Burayı sabah keşfetmiştim. Roma’nın bir kısmını tepeden görebiliyordunuz. Gündüz de çok güzeldi. Ama gece… Harikaydı! Sokak lambalarının âdete gündüzmüşçesine aydınlattığı yerlerde toplanmış büyük turist grupları görebiliyordum. Babam, Ağustos ayında, Roma’da İtalyan’dan çok turist olduğunu söylemişti. Sokaklardaki kalabalık bunu doğruluyor gibiydi. Tabi bir hafta sonra okul açılacaktı ve İtalyanlar geri döneceklerdi.

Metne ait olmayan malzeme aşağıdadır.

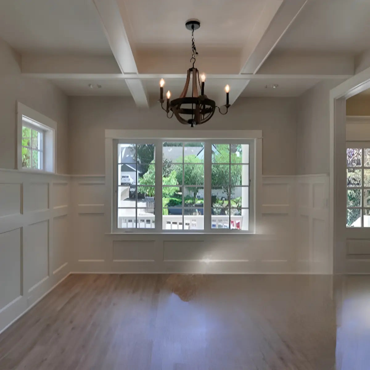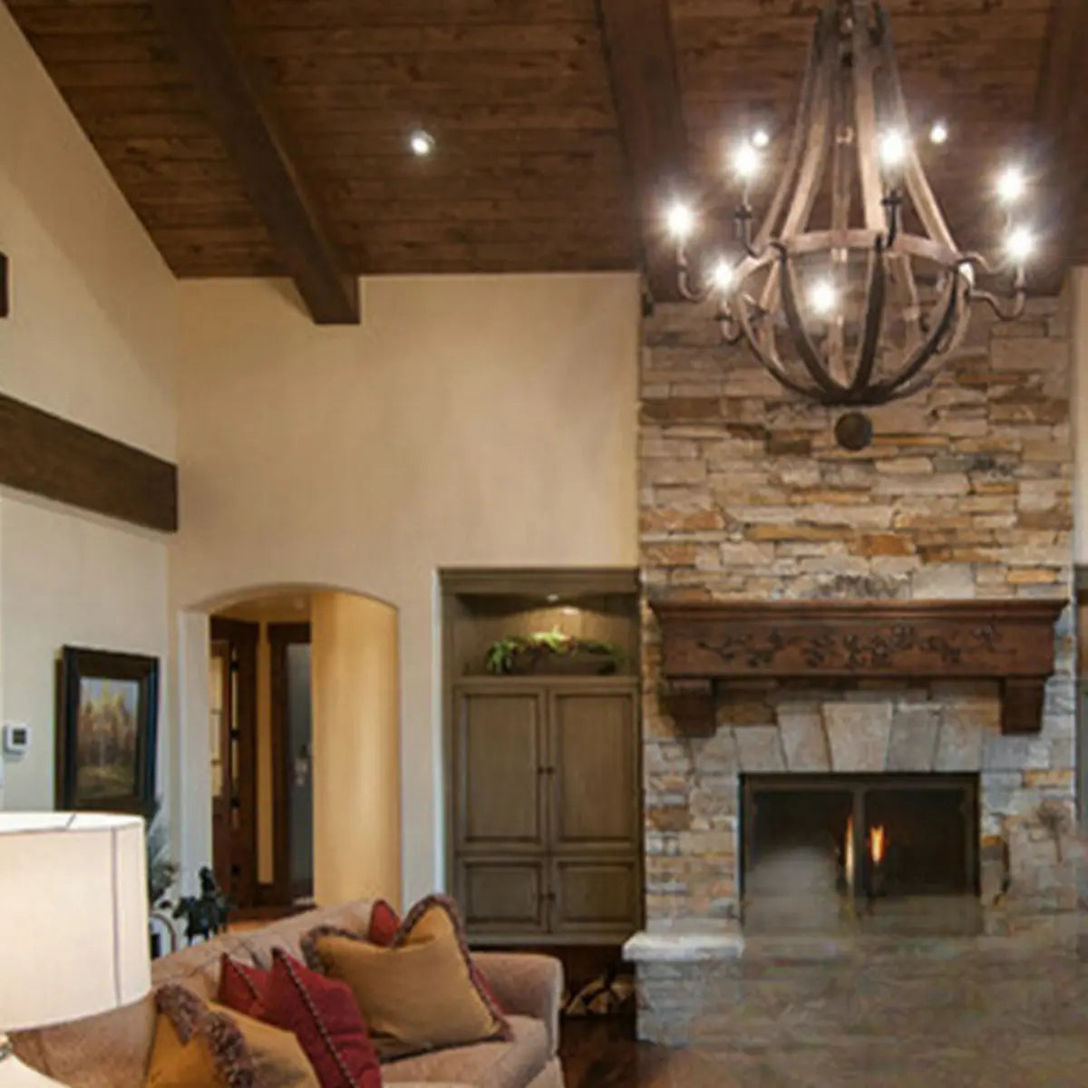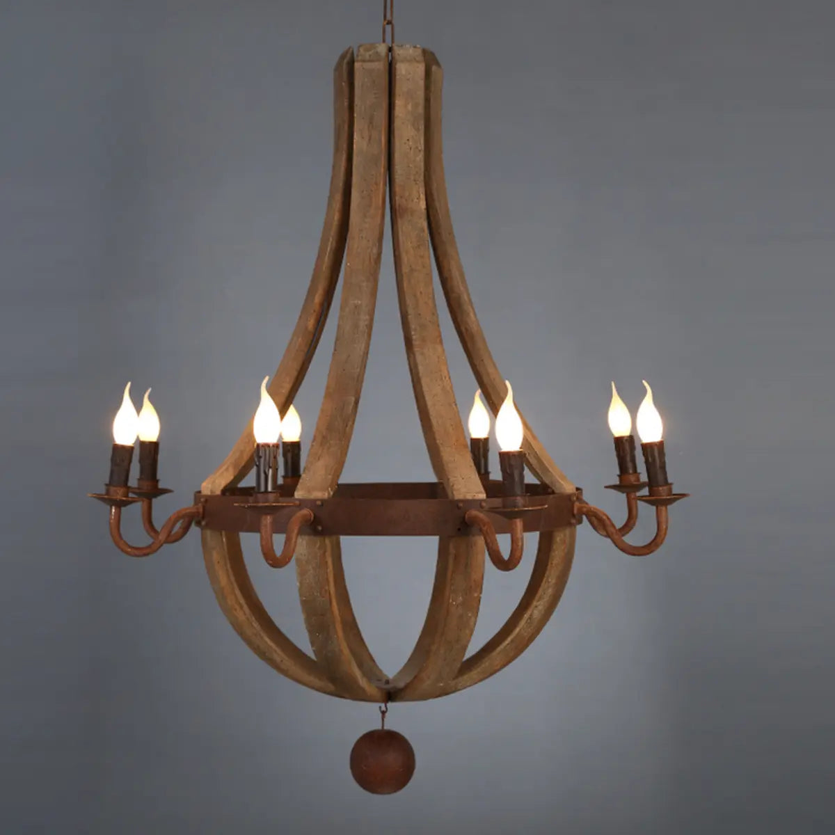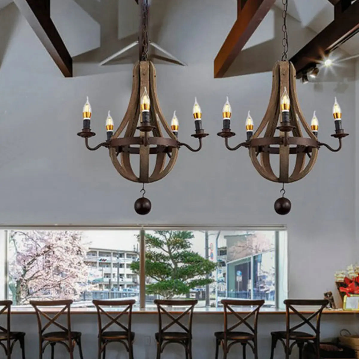 This Rustic style wooden Empire Chandelier features a classic design and antique candle lighting making it a perfect fit in any rustic or traditional home decor.

Okul… Burada okula gitmenin nasıl olacağı konusunda hiçbir fikrim yoktu. Aslında buna pek kafa yormamıştım. Düşünmek bile canımı acıtıyordu. Yeni insanlar, yeni öğretmenler, yeni mekanlar… Bunları düşündükçe her türlü yenilikten nefret ediyordum. Aklımdan geçen onca düşüncenin arasında biri bile burada mutlu olabileceğimi söylemiyordu. Buraya ait değildim.
Bu konuda içimdeki tek umut babamın beni kaydettirdiği lisenin İngiliz Lisesi olmasıydı. Orada İngilizce eğitim veriliyordu. Zayıf İtalyancamla lafları ağzımda geveleyip durmayacağı için memnundum. Üstelik babam, kalabalık bir okul olmadığını söylemişti. Bu daha da iyiydi. Eski okulumda da toplam sekiz yüz kadar öğrenci vardı. Kalabalıktan hoşlanmazdım. O da hoşlanmadığım birçok şeyden sadece biriydi.